■ Task details ■
From the first line of the material below through the line containing "Disfraz de dinosaurio", print every line exactly as it stands, but no pictures.
________________________
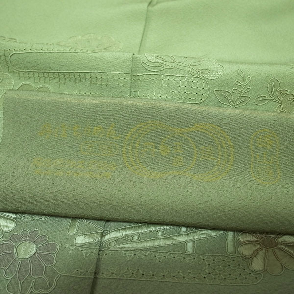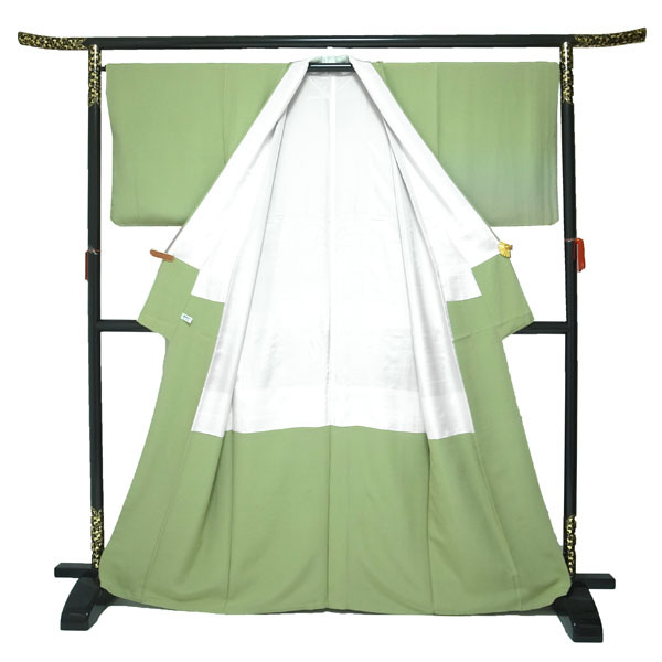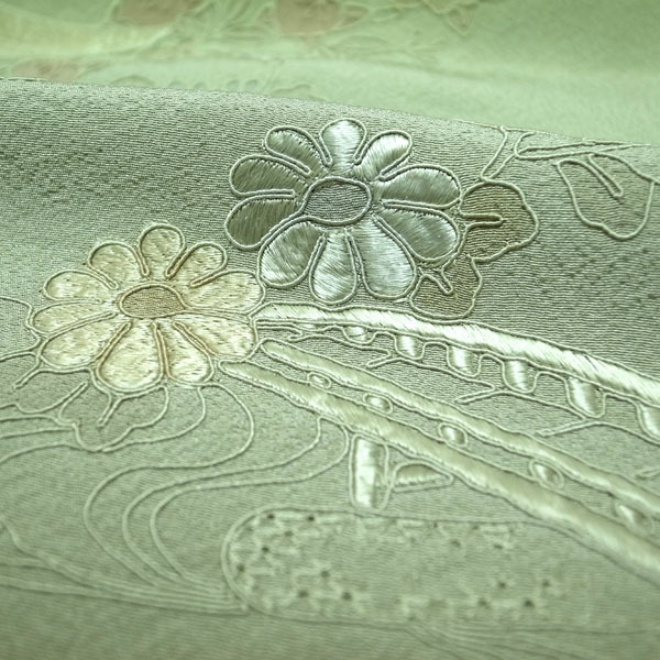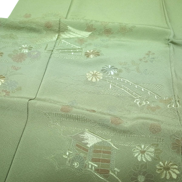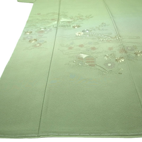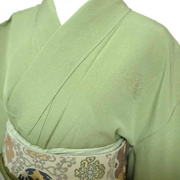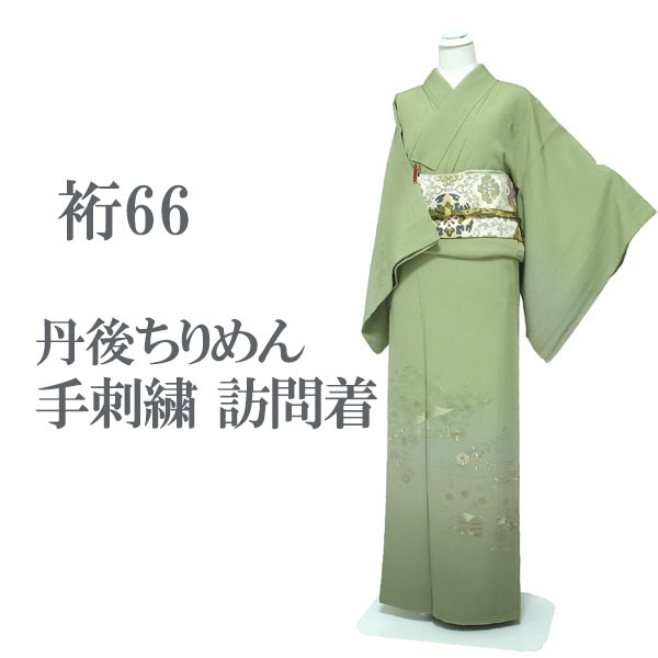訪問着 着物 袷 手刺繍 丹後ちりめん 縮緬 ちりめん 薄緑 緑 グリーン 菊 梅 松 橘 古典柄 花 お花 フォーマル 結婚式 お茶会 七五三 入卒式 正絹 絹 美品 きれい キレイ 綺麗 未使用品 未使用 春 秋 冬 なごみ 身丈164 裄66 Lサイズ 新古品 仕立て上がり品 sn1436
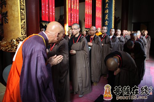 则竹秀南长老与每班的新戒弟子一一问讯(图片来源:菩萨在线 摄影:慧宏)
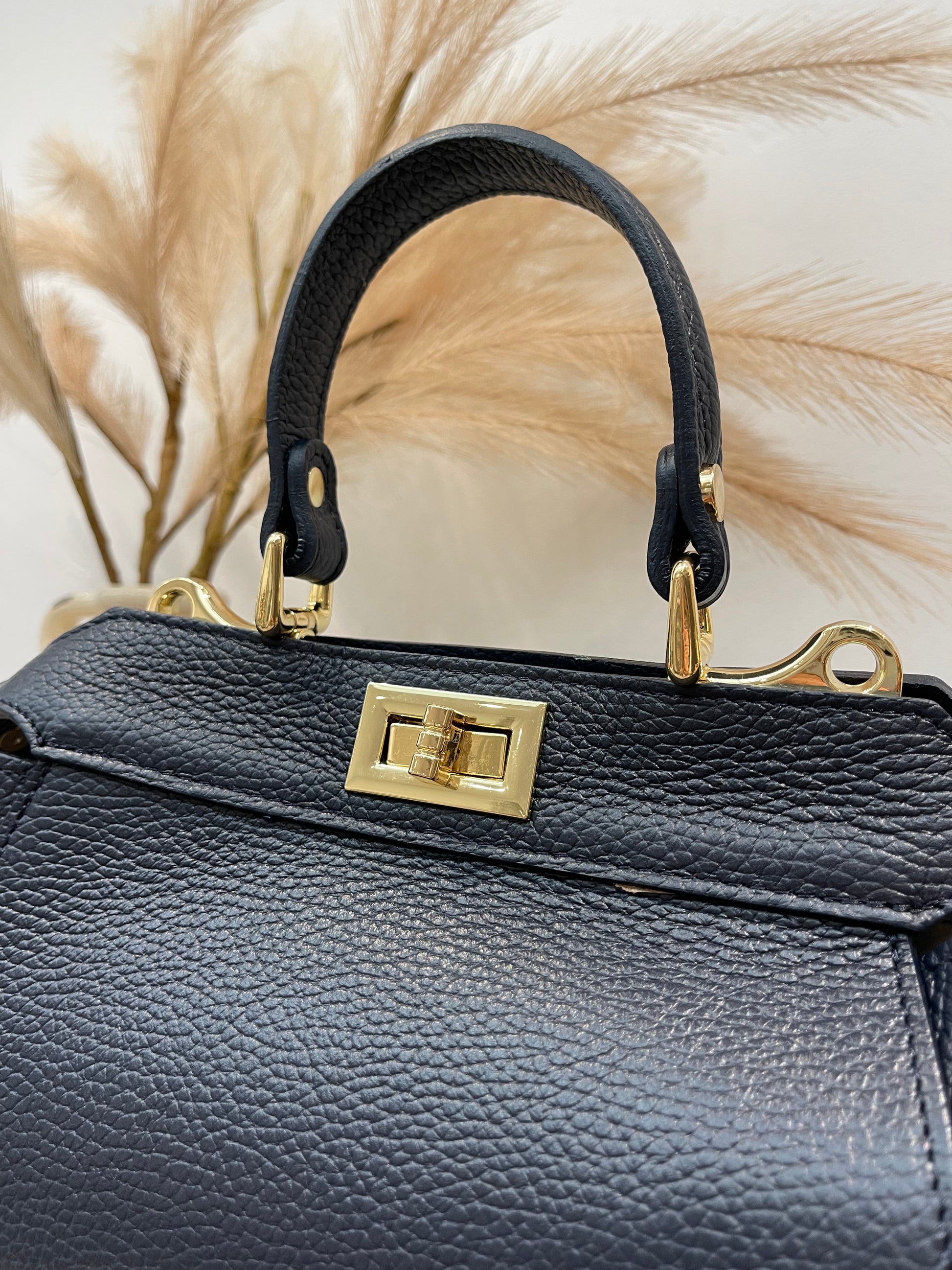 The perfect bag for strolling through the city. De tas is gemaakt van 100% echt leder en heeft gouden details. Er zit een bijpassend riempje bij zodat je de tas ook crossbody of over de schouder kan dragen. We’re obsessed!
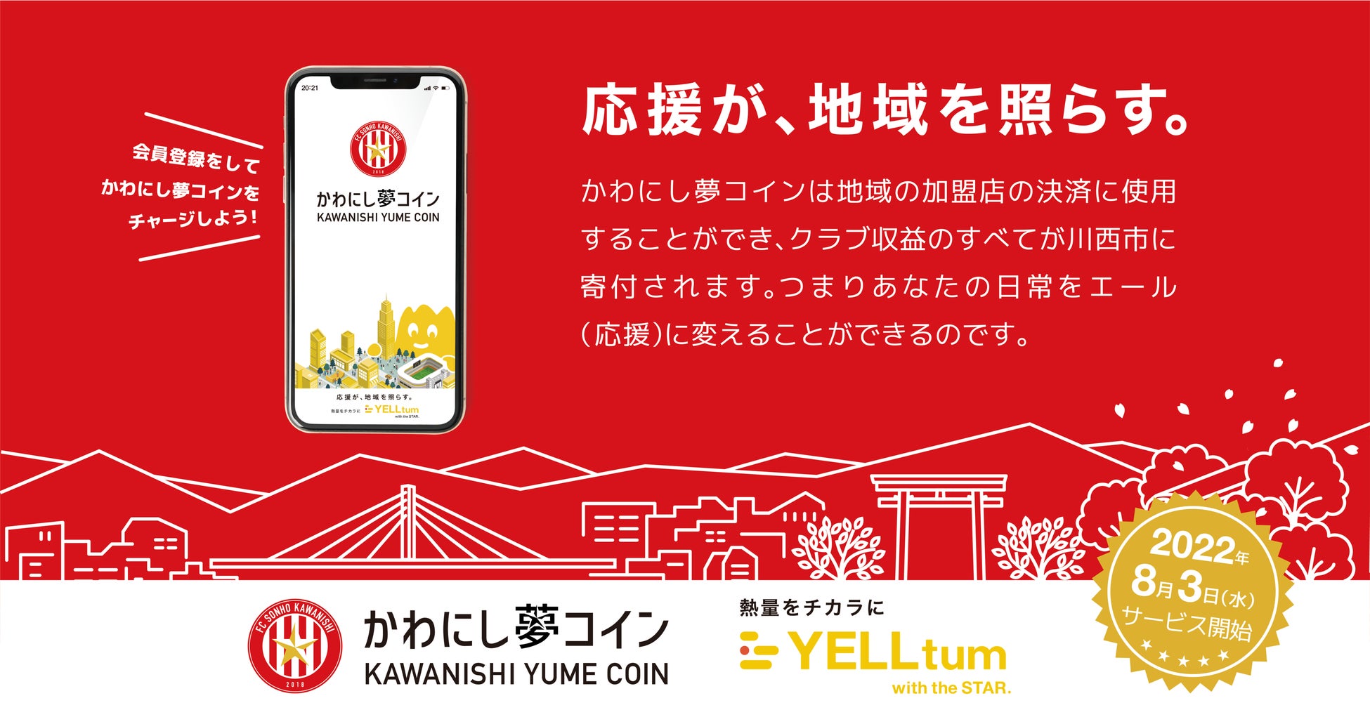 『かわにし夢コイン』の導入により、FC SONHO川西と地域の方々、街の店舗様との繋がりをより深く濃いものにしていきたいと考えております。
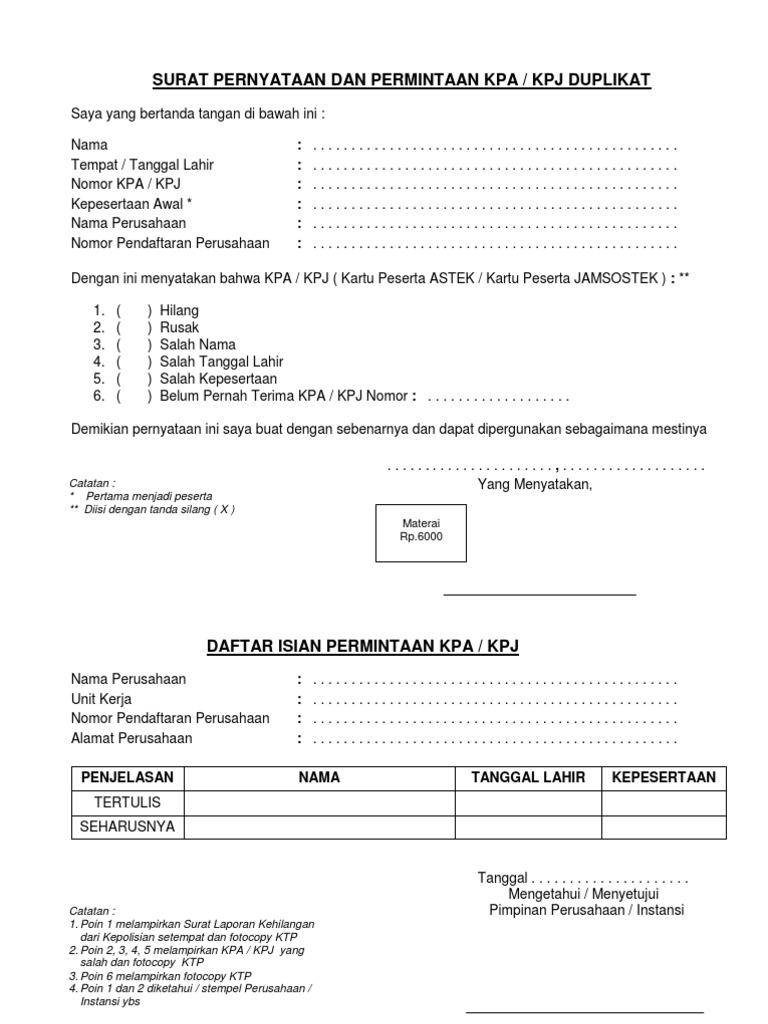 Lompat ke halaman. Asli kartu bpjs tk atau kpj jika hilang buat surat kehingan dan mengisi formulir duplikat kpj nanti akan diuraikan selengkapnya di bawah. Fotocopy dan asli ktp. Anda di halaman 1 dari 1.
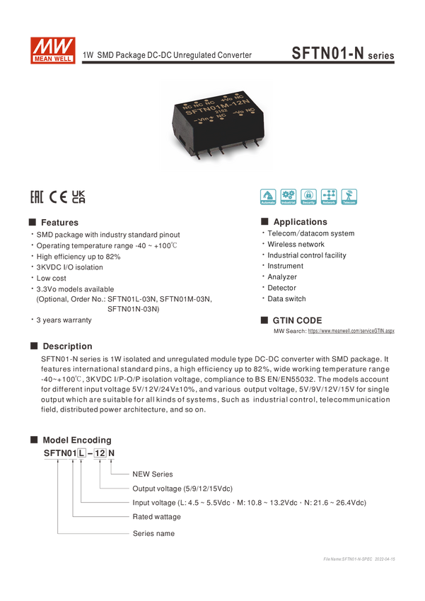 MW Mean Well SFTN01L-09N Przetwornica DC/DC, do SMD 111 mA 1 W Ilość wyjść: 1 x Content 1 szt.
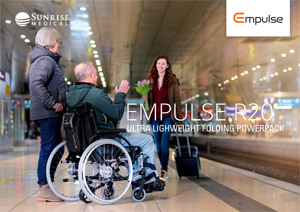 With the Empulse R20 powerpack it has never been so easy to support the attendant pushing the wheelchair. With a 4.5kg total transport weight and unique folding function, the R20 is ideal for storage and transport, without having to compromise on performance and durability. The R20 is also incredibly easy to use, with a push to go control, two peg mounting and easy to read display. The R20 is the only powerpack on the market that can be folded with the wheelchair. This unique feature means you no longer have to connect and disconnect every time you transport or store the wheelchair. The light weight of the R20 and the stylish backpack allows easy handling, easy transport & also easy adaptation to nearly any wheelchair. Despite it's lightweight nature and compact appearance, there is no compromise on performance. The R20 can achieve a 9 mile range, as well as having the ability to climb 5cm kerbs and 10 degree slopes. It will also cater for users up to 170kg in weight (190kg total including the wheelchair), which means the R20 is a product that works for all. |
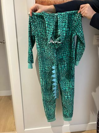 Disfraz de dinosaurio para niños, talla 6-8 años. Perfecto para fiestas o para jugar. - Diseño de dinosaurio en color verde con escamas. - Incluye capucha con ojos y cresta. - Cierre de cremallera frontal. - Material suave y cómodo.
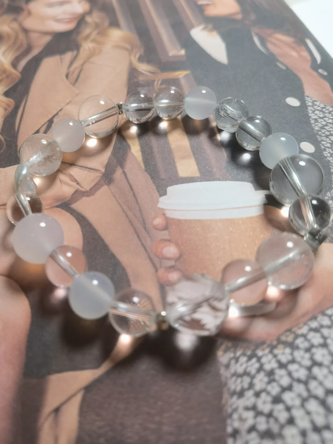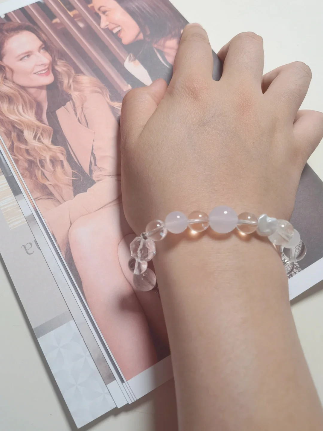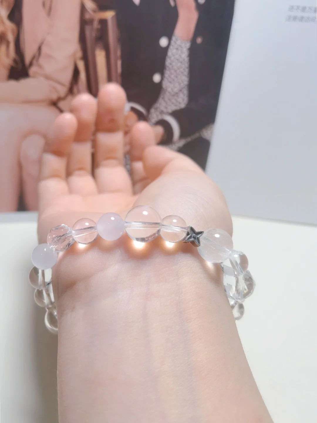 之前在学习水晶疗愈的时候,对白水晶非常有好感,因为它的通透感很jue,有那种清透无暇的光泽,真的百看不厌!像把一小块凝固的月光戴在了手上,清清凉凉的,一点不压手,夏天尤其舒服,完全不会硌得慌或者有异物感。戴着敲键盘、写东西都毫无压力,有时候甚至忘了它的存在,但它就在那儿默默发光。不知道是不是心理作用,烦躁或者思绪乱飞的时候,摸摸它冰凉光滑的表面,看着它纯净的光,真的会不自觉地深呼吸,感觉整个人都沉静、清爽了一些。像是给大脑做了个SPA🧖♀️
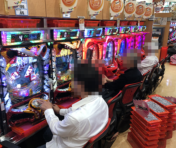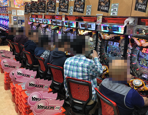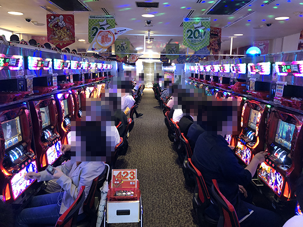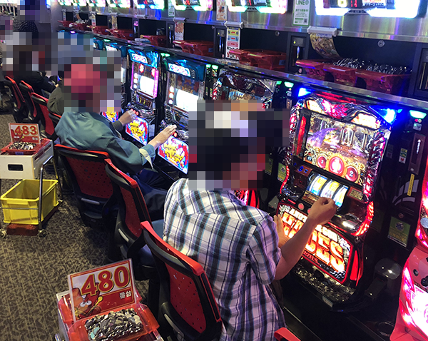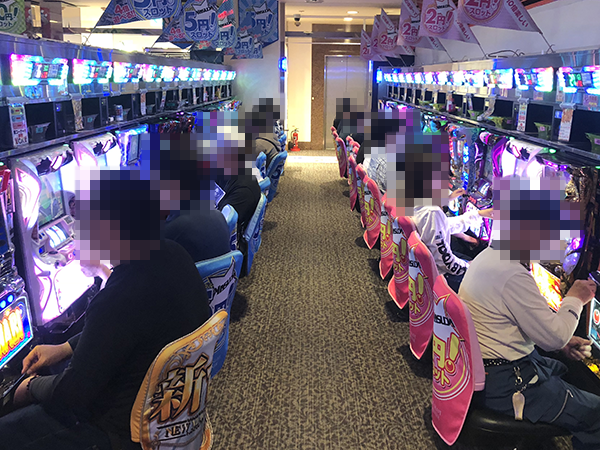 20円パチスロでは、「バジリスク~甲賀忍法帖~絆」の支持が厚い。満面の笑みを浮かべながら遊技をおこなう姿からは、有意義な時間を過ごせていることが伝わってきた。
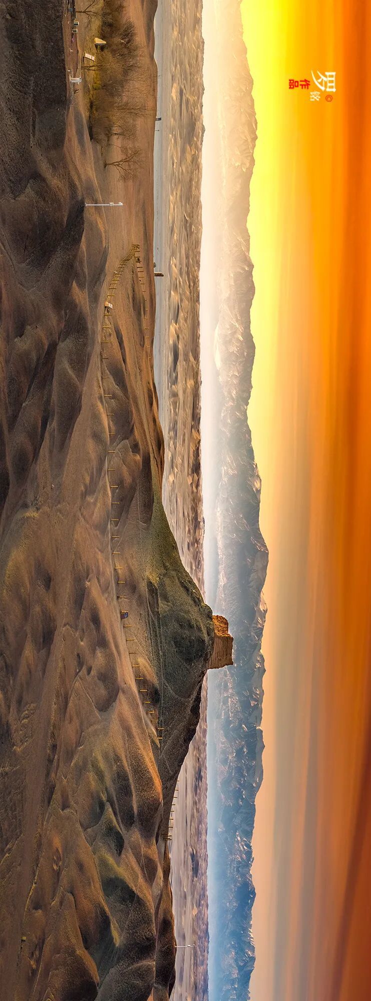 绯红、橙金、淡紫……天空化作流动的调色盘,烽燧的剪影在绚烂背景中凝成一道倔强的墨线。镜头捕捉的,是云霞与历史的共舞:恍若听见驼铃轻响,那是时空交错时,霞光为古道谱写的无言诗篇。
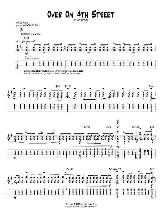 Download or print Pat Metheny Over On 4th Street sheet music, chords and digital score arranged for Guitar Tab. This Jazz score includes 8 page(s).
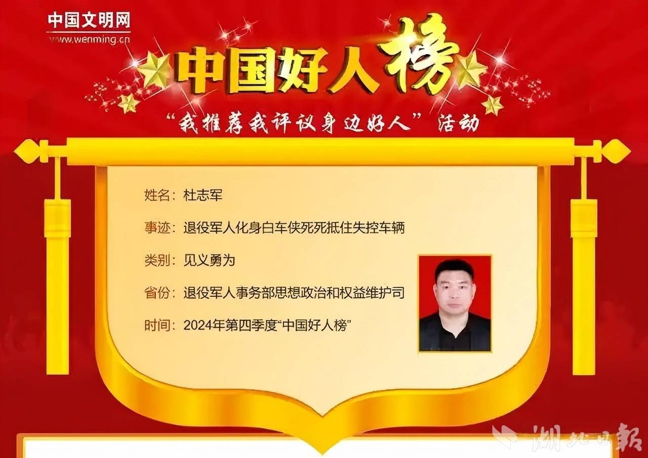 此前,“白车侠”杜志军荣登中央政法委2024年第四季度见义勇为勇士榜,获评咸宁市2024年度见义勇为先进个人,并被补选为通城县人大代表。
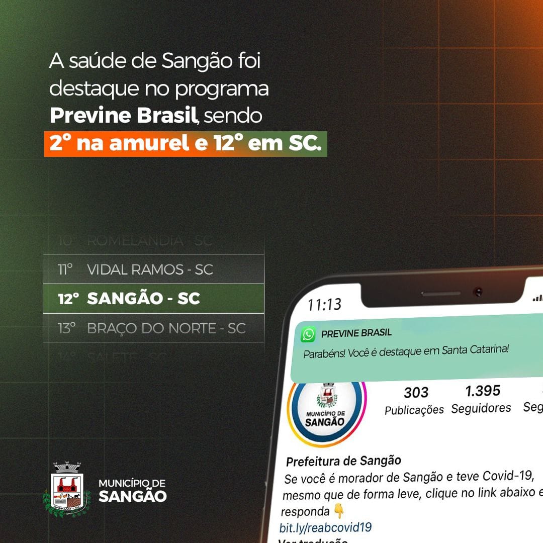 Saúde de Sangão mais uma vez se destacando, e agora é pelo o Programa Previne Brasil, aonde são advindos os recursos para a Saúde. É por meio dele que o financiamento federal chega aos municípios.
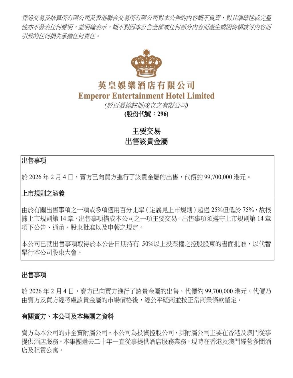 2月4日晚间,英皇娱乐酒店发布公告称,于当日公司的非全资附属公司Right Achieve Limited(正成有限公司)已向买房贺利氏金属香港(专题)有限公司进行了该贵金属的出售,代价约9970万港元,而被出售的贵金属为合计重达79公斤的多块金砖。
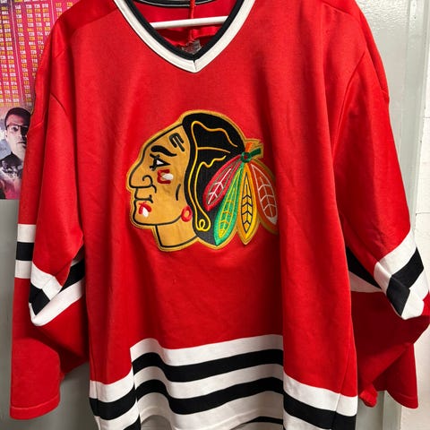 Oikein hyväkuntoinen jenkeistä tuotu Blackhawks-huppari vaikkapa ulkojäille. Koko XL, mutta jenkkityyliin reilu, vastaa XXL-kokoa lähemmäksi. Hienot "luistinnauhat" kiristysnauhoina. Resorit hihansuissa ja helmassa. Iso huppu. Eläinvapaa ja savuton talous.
________________________
■ Result of the task ■
訪問着 着物 袷 手刺繍 丹後ちりめん 縮緬 ちりめん 薄緑 緑 グリーン 菊 梅 松 橘 古典柄 花 お花 フォーマル 結婚式 お茶会 七五三 入卒式 正絹 絹 美品 きれい キレイ 綺麗 未使用品 未使用 春 秋 冬 なごみ 身丈164 裄66 Lサイズ 新古品 仕立て上がり品 sn1436
 则竹秀南长老与每班的新戒弟子一一问讯(图片来源:菩萨在线 摄影:慧宏)
 The perfect bag for strolling through the city. De tas is gemaakt van 100% echt leder en heeft gouden details. Er zit een bijpassend riempje bij zodat je de tas ook crossbody of over de schouder kan dragen. We’re obsessed!
 『かわにし夢コイン』の導入により、FC SONHO川西と地域の方々、街の店舗様との繋がりをより深く濃いものにしていきたいと考えております。
 Lompat ke halaman. Asli kartu bpjs tk atau kpj jika hilang buat surat kehingan dan mengisi formulir duplikat kpj nanti akan diuraikan selengkapnya di bawah. Fotocopy dan asli ktp. Anda di halaman 1 dari 1.
 MW Mean Well SFTN01L-09N Przetwornica DC/DC, do SMD 111 mA 1 W Ilość wyjść: 1 x Content 1 szt.
 With the Empulse R20 powerpack it has never been so easy to support the attendant pushing the wheelchair. With a 4.5kg total transport weight and unique folding function, the R20 is ideal for storage and transport, without having to compromise on performance and durability. The R20 is also incredibly easy to use, with a push to go control, two peg mounting and easy to read display. The R20 is the only powerpack on the market that can be folded with the wheelchair. This unique feature means you no longer have to connect and disconnect every time you transport or store the wheelchair. The light weight of the R20 and the stylish backpack allows easy handling, easy transport & also easy adaptation to nearly any wheelchair. Despite it's lightweight nature and compact appearance, there is no compromise on performance. The R20 can achieve a 9 mile range, as well as having the ability to climb 5cm kerbs and 10 degree slopes. It will also cater for users up to 170kg in weight (190kg total including the wheelchair), which means the R20 is a product that works for all. |
 Disfraz de dinosaurio para niños, talla 6-8 años. Perfecto para fiestas o para jugar. - Diseño de dinosaurio en color verde con escamas. - Incluye capucha con ojos y cresta. - Cierre de cremallera frontal. - Material suave y cómodo.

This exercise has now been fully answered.